**Data block**
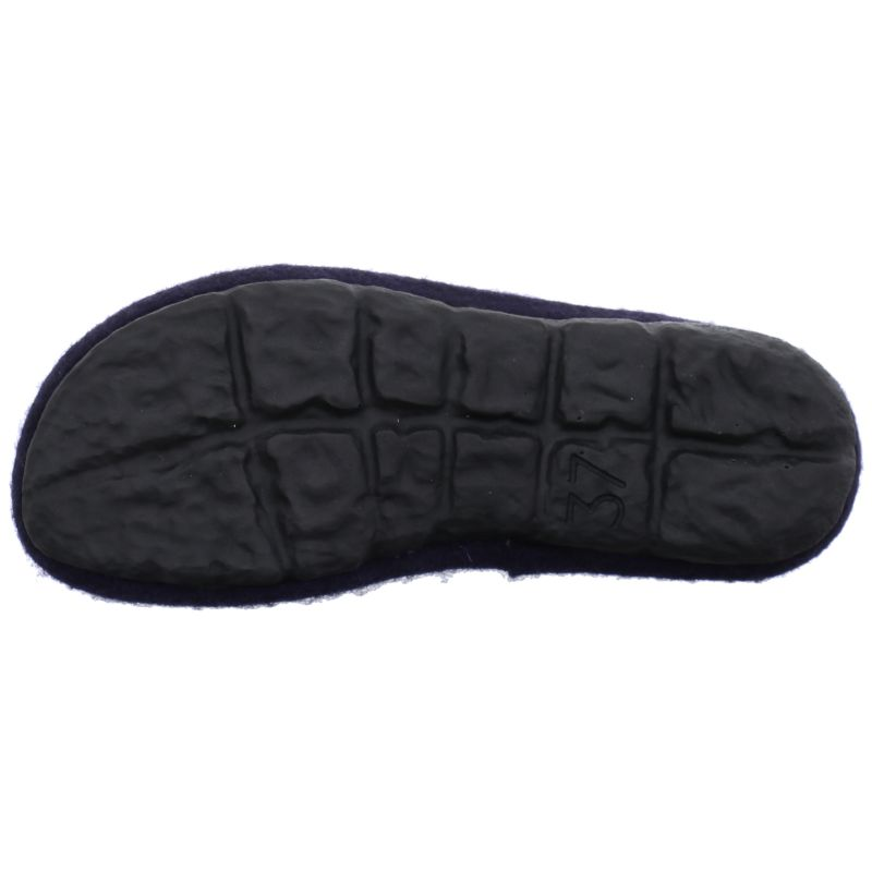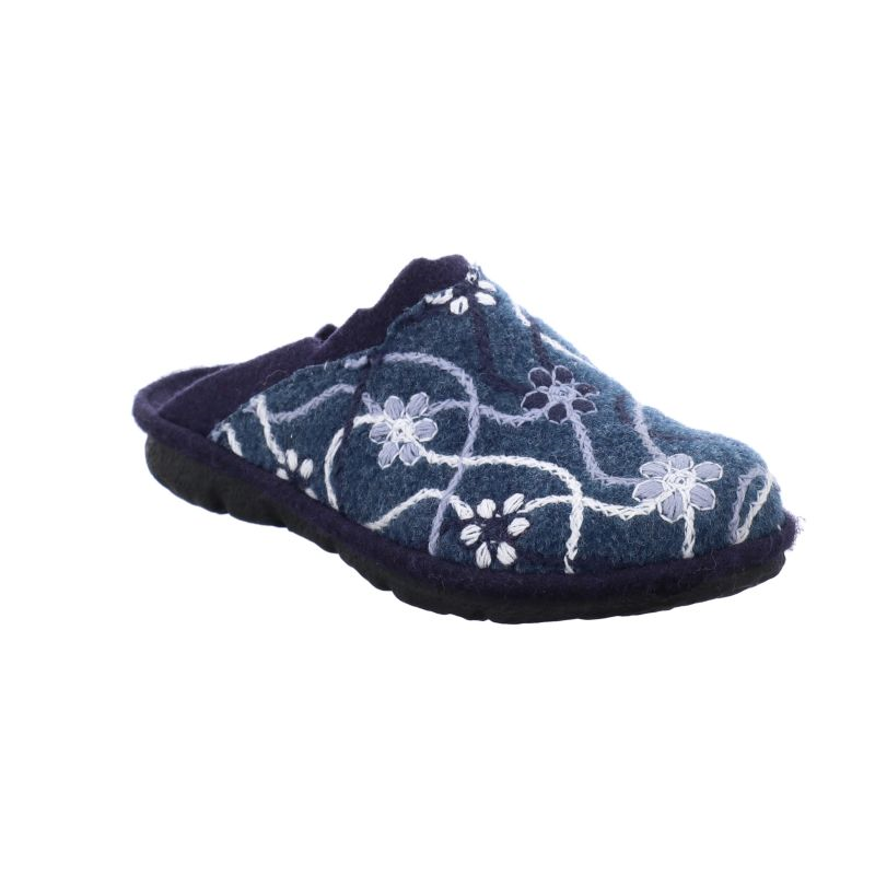 Mule marine en laine agrémentée de jolies fleurs confortable pour le bien-être du pied grâce à sa semelle légère en élastomère de la marque allemande WESTLAND. Disponible en Grande Pointure Femme en taille 43 et 44.
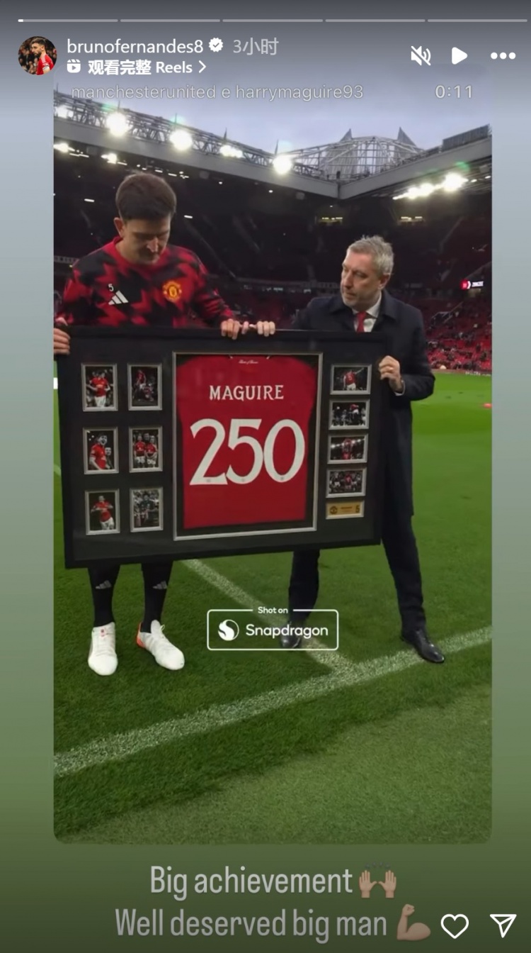 马奎尔上场比赛达成曼联生涯250场里程碑足球球员伤病更新,此役领取了纪念球衣,B费社媒晒出视频,英超直播_英超直播免费高清直播_英超直播在线高清(无插件)-24直播网配文:“重大成就,当之无愧,大个子。”
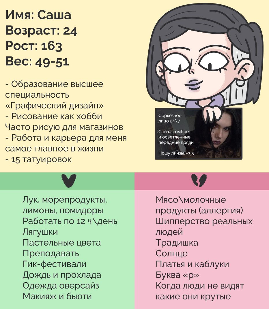 Имя Саша Возраст 24 Рост 163 Вес 49 51 Образование высшее специальность Графический дизайн Рисование как хобби Часто рисую для магазинов Работа и карьера для меня самое главное в жизни 15 татуировок Серьезное лицо 247 Сейчас омбре и осветленные передние пряди Ношу линзы 15 Лук морепродукты лимоны помидоры Работать по 12 чдень Лягушки Пастельные цвета Преподавать Гик фестивали Дождь и прохлада Одеж
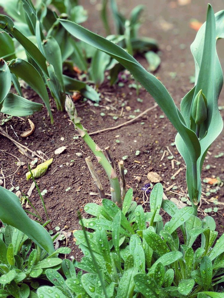 春の草花の間から1本だけ伸びてきたアスパラガスの芽。3年目でやっと収穫できそうな太さになりました。さっと茹でて食べようと思います。

**What the task asks**
Copy each line above exactly. Images do not belong in the copy.

**Solution for this problem**
 Mule marine en laine agrémentée de jolies fleurs confortable pour le bien-être du pied grâce à sa semelle légère en élastomère de la marque allemande WESTLAND. Disponible en Grande Pointure Femme en taille 43 et 44.
 马奎尔上场比赛达成曼联生涯250场里程碑足球球员伤病更新,此役领取了纪念球衣,B费社媒晒出视频,英超直播_英超直播免费高清直播_英超直播在线高清(无插件)-24直播网配文:“重大成就,当之无愧,大个子。”
 Имя Саша Возраст 24 Рост 163 Вес 49 51 Образование высшее специальность Графический дизайн Рисование как хобби Часто рисую для магазинов Работа и карьера для меня самое главное в жизни 15 татуировок Серьезное лицо 247 Сейчас омбре и осветленные передние пряди Ношу линзы 15 Лук морепродукты лимоны помидоры Работать по 12 чдень Лягушки Пастельные цвета Преподавать Гик фестивали Дождь и прохлада Одеж
 春の草花の間から1本だけ伸びてきたアスパラガスの芽。3年目でやっと収穫できそうな太さになりました。さっと茹でて食べようと思います。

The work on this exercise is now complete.